## Supplied information:
################
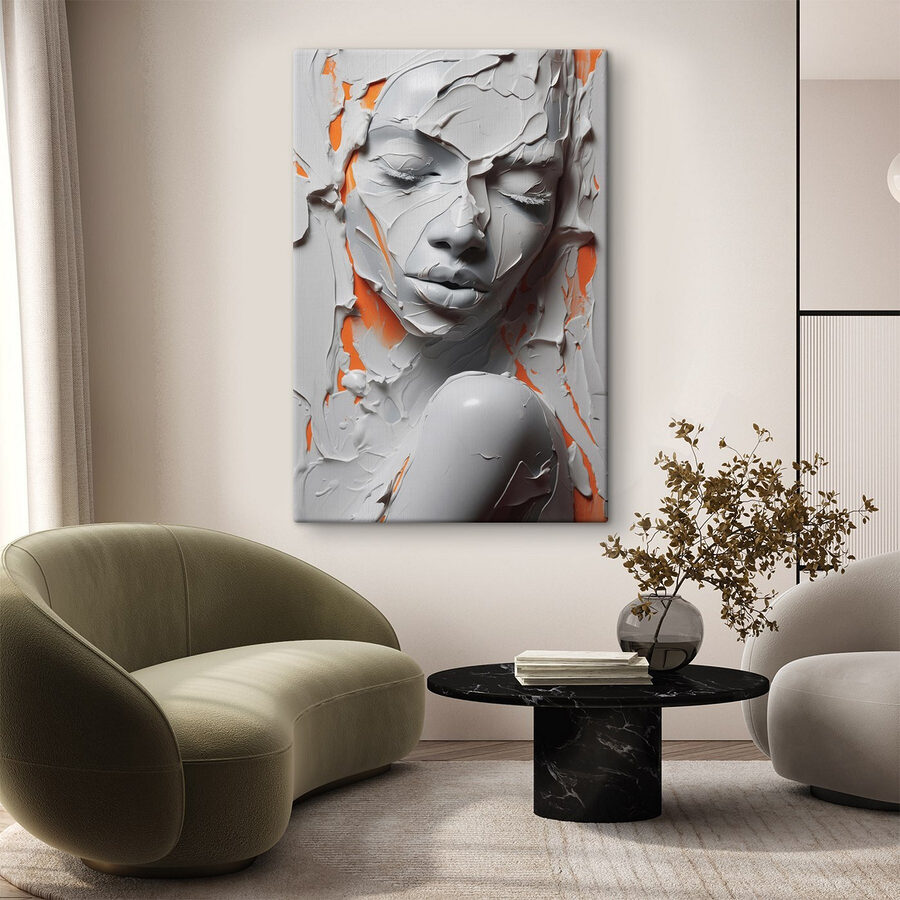 Tauchen Sie mit diesem Leinwanddruck in eine Welt ein, in der Schönheit und Geheimnis aufeinandertreffen. Das markante Bild eines Frauengesichts, das von einer glatten weißen Farbschicht umhüllt ist, zieht die Aufmerksamkeit auf sich und weckt die Neugierde. Es ist wie eine nachdenkliche Pause an einem hektischen Tag – ein Moment, der zum Nachdenken einlädt. Stellen Sie sich dieses lebendige Werk in einer gemütlichen Ecke oder einem modernen Wohnzimmer vor, wo es zu einem Gespräch beim Kaffee oder zu einer stillen Betrachtung während des abendlichen Ausklingens einlädt. Das warme Orange, das durchscheint, verleiht ihm genau die richtige Prise Schwung und macht es zu mehr als nur Kunst – es ist ein Hauch von frischem Wind für jeden Raum. Auf jeden Fall ein Hingucker!
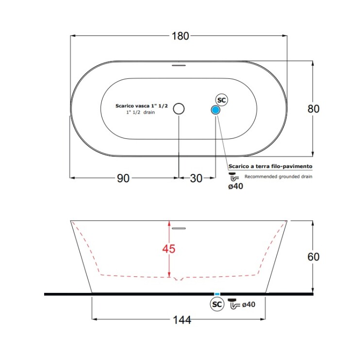 Ванна, Treesse, Inka, ширина, мм-1800, глубина, мм-800, высота, мм-600, водоизмещение (л)-310, тип установки-отдельностоящий, форма-овальная, панель-есть, слив-перелив-в комплекте, материал-акрил, цвет-белый Ванна, Treesse, Inka, шгв 1800*800*600, цвет-белый
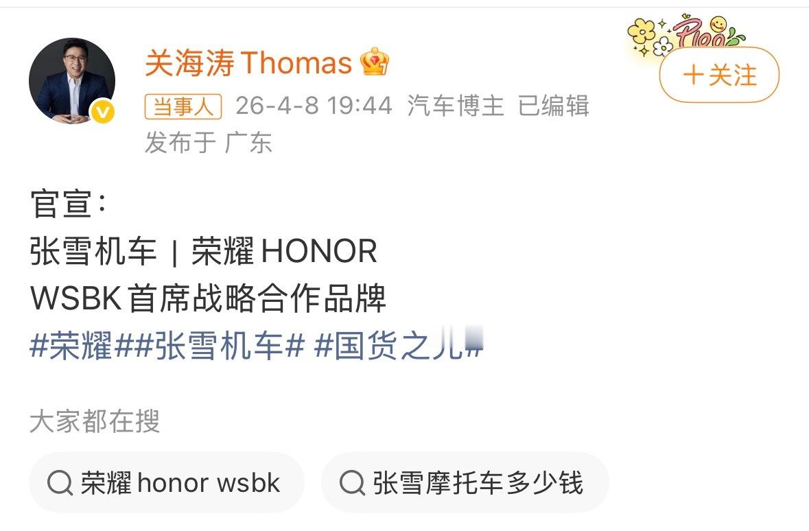 荣耀张雪机车战略合作是好事啊!有品牌助力会走得更远~
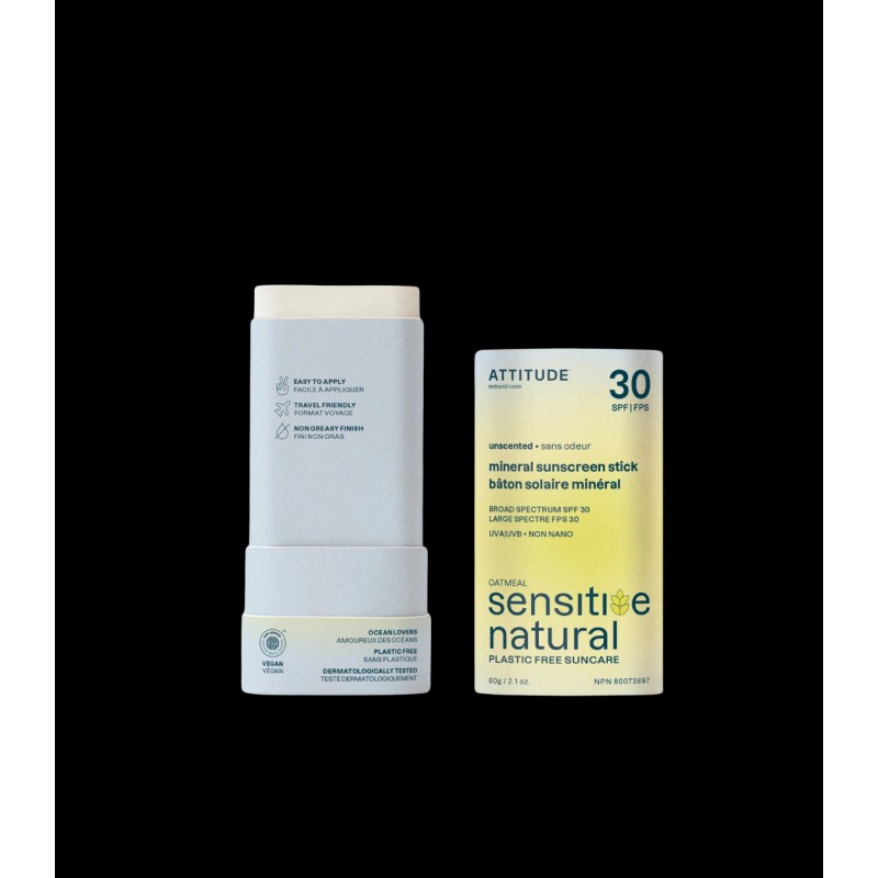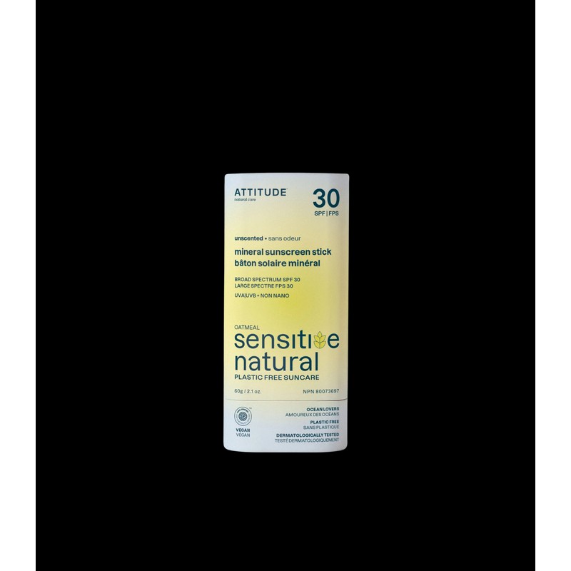ATTITUDE™ Sensitive Natural sunscreen stick is formulated with non-nano zinc oxide to limit our impact on the oceans. This mineral filter provides broad spectrum protection against UVA and UVB rays. Practical and environmentally friendly, this sunscreen for delicate skin comes in a biodegradable cardboard tube and applies easily without leaving white traces. An EWG VERIFIED™, vegan and dermatologically tested formula. Sunly sun protection lets you enjoy outdoor activities worry free!
################
## Try it:
Your copy of the data above should match it exactly, apart from the images.

## Solution to this problem:
 Tauchen Sie mit diesem Leinwanddruck in eine Welt ein, in der Schönheit und Geheimnis aufeinandertreffen. Das markante Bild eines Frauengesichts, das von einer glatten weißen Farbschicht umhüllt ist, zieht die Aufmerksamkeit auf sich und weckt die Neugierde. Es ist wie eine nachdenkliche Pause an einem hektischen Tag – ein Moment, der zum Nachdenken einlädt. Stellen Sie sich dieses lebendige Werk in einer gemütlichen Ecke oder einem modernen Wohnzimmer vor, wo es zu einem Gespräch beim Kaffee oder zu einer stillen Betrachtung während des abendlichen Ausklingens einlädt. Das warme Orange, das durchscheint, verleiht ihm genau die richtige Prise Schwung und macht es zu mehr als nur Kunst – es ist ein Hauch von frischem Wind für jeden Raum. Auf jeden Fall ein Hingucker!
 Ванна, Treesse, Inka, ширина, мм-1800, глубина, мм-800, высота, мм-600, водоизмещение (л)-310, тип установки-отдельностоящий, форма-овальная, панель-есть, слив-перелив-в комплекте, материал-акрил, цвет-белый Ванна, Treesse, Inka, шгв 1800*800*600, цвет-белый
 荣耀张雪机车战略合作是好事啊!有品牌助力会走得更远~
ATTITUDE™ Sensitive Natural sunscreen stick is formulated with non-nano zinc oxide to limit our impact on the oceans. This mineral filter provides broad spectrum protection against UVA and UVB rays. Practical and environmentally friendly, this sunscreen for delicate skin comes in a biodegradable cardboard tube and applies easily without leaving white traces. An EWG VERIFIED™, vegan and dermatologically tested formula. Sunly sun protection lets you enjoy outdoor activities worry free!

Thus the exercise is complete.